# Data shown
'''
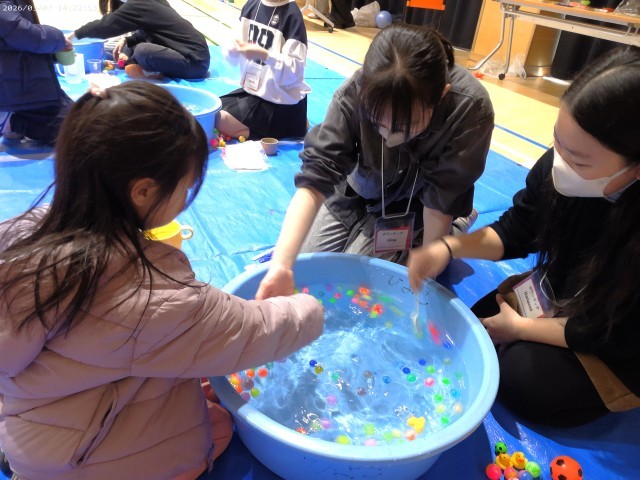 スーパーボールすくいでは、挑戦する子の年齢などに合わせて水の流れの速さに変化をつけたり、
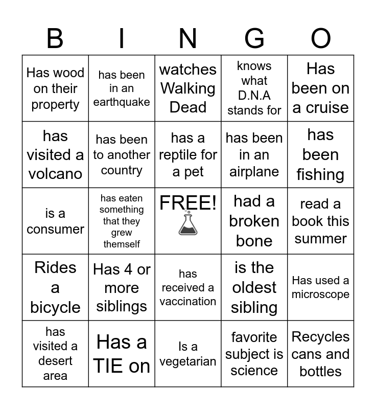 This bingo card has a free space and 24 words: Has 4 or more siblings, Has a TIE on, has a reptile for a pet, has visited a desert area, Has been on a cruise, Has wood on their property, has visited a volcano, has been in an earthquake, had a broken bone, has received a vaccination, has been in an airplane, is a consumer, is the oldest sibling, Has used a microscope, has been to another country, favorite subject is science, read a book this summer, watches Walking Dead, has been fishing, has eaten something that they grew themself, Recycles cans and bottles, Rides a bicycle, knows what D.N.A stands for and Is a vegetarian.
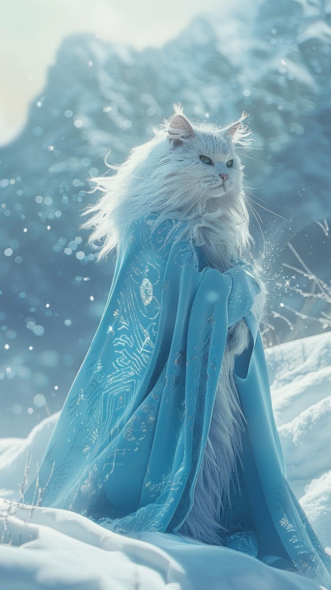 Создано на основе запроса: A beautiful white-furred bipedal cat standing in fresh snow, wearing icy blue robes
'''
# Exercise details
Leave the images aside and retype each line of the listing above exactly.

# Completed task
 スーパーボールすくいでは、挑戦する子の年齢などに合わせて水の流れの速さに変化をつけたり、
 This bingo card has a free space and 24 words: Has 4 or more siblings, Has a TIE on, has a reptile for a pet, has visited a desert area, Has been on a cruise, Has wood on their property, has visited a volcano, has been in an earthquake, had a broken bone, has received a vaccination, has been in an airplane, is a consumer, is the oldest sibling, Has used a microscope, has been to another country, favorite subject is science, read a book this summer, watches Walking Dead, has been fishing, has eaten something that they grew themself, Recycles cans and bottles, Rides a bicycle, knows what D.N.A stands for and Is a vegetarian.
 Создано на основе запроса: A beautiful white-furred bipedal cat standing in fresh snow, wearing icy blue robes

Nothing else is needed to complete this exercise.